Merz riprende l’espressione poetica “Luoghi senza strada” trasponendola in una scrittura in corsivo di neon blu sulla metà dell’igloo ricoperto di lastre nere di ardesia e granito. Il visitatore si trova così a muoversi lungo la circonferenza dell’opera per leggere la scritta, rendendo fisica un’azione mentale.

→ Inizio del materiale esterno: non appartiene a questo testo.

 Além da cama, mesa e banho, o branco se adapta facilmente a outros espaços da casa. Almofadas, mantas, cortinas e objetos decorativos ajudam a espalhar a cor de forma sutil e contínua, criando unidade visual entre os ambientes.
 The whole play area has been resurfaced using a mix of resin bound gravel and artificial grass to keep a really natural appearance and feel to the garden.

Le case girano intorno a noi o noi giriamo intorno alle case?, 1994

Questo igloo in metallo e vetro poggia precariamente sopra lastre di pietra rettangolari poste a terra a formare un cerchio. Su ognuna delle lastre sono adagiate parole al neon rosso che vanno a comporre l’interrogativo “Le case girano intorno a noi o noi giriamo intorno alle case?”, una domanda che ricorre nella poetica dell’artista. All’interno della struttura è racchiuso un secondo igloo di pietre di diverse tipologie appoggiate a terra o sostenute da morsetti nella parte superiore dell’opera.

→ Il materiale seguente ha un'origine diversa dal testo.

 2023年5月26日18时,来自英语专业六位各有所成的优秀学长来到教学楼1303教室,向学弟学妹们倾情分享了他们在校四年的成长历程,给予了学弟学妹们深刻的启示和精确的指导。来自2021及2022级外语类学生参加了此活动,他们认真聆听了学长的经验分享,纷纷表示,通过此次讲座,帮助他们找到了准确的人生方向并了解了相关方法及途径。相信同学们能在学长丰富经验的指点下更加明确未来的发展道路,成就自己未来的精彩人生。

Senza titolo (doppio igloo di Porto), 1998

Gli animali sono un tema ricorrente della poetica di Merz ed entrano a far parte anche del vocabolario degli igloo. Il loro simbolismo evoca una dimensione arcaica e primitiva. Per Senza titolo (doppio igloo di Porto), realizzato in occasione della mostra personale alla Fundação de Serralves di Porto nel 1999, l’artista crea un’opera per il parco del museo. L’igloo richiama in modo diretto l’ambiente naturale sia attraverso l’impiego delle fascine disposte verticalmente sull’igloo interno, sia attraverso la presenza maestosa di un cervo impagliato sulla sommità della struttura, sul cui fianco è attaccato un numero di Fibonacci di neon – 10946 – che esalta la potenza espressiva dell’installazione.